Философия, считал К. Ясперс, не должна принимать догматическую (закрепленную авторитетом общественных институтов и традициями научного сообщества) форму «поучительного» знания; первоисточником всякого философствования становится «радикальное сомнение», поиск истины (как «первоосновы всего сущего») - не столько сообща, сколько в одиночку («в своей единичности») -есть вернейший способ выявления «подлинной экзистенции» человека, весьма субъективно отображающей реальную действительность; мнимая свобода человека при этом оказывается двусмысленной «нераспознанной зависимостью» [15, с. 113-115]. Но бытие не открывается «пустому самозабвенному созерцанию», требуется активное освоение мира вещей.

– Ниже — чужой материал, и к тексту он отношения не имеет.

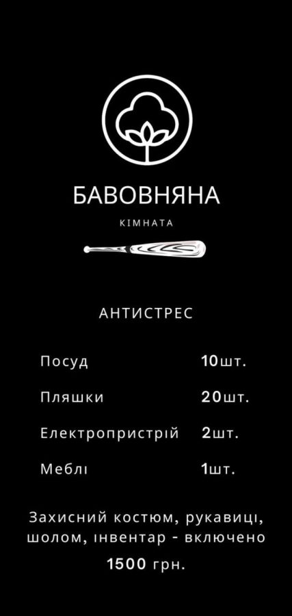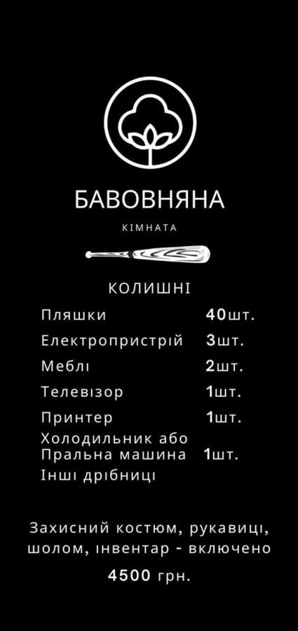 Відвідувати кімнату гніву можна гостям від восьми років. Головне правило ― мати закрите взуття та одяг. Побачити ціни можете нижче:
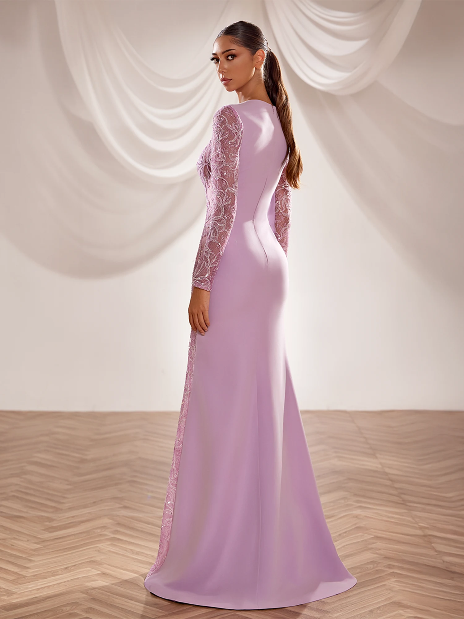 beadwork cascades from bodice to hem on one side with a sheer embellished sleeve

Отправная точка данного исследования - дилемма, сформированная конфликтом двух философских парадигм: современной философией «экзистенциальная коммуникация» интерпретируется как выход из трагической ситуации «неизбежного» одиночества человека, рациональное знание объявляется беспомощным перед иррациональной «целостностью жизни»; в античной философии человек, как обладающее телом и душой природное существо, включенное во всеобщую взаимосвязь объективных общезначимых «сущностей», от рождения является частью социальной общности (семьи, рода, государства); его «действительные» устремления и желания подчинены объективному высшему порядку метафизического «всеобщего», в котором совмещаются принципы и ценности различных «сфер» жизни (вера в богов, абстрагированное благо, философский рационализм, абсолютизированные законы полиса, нормы полисной этики, эстетика катарсиса). На самом деле эти противоречия кажущиеся, в нашем долгом эволюционном развитии от прошлого к настоящему природа человека осталась неизменной, неизменной осталась цель человеческой «конститутивной» активности: вовне -полное растворение субъекта в потоке жизни (подчинение «тотальной реальности» бытия), одновременно, изнутри - подлинный синтез самобытных «частичных структур» каждой неповторимой и уникальной личности, открывающейся навстречу другой такой же, себе подобной.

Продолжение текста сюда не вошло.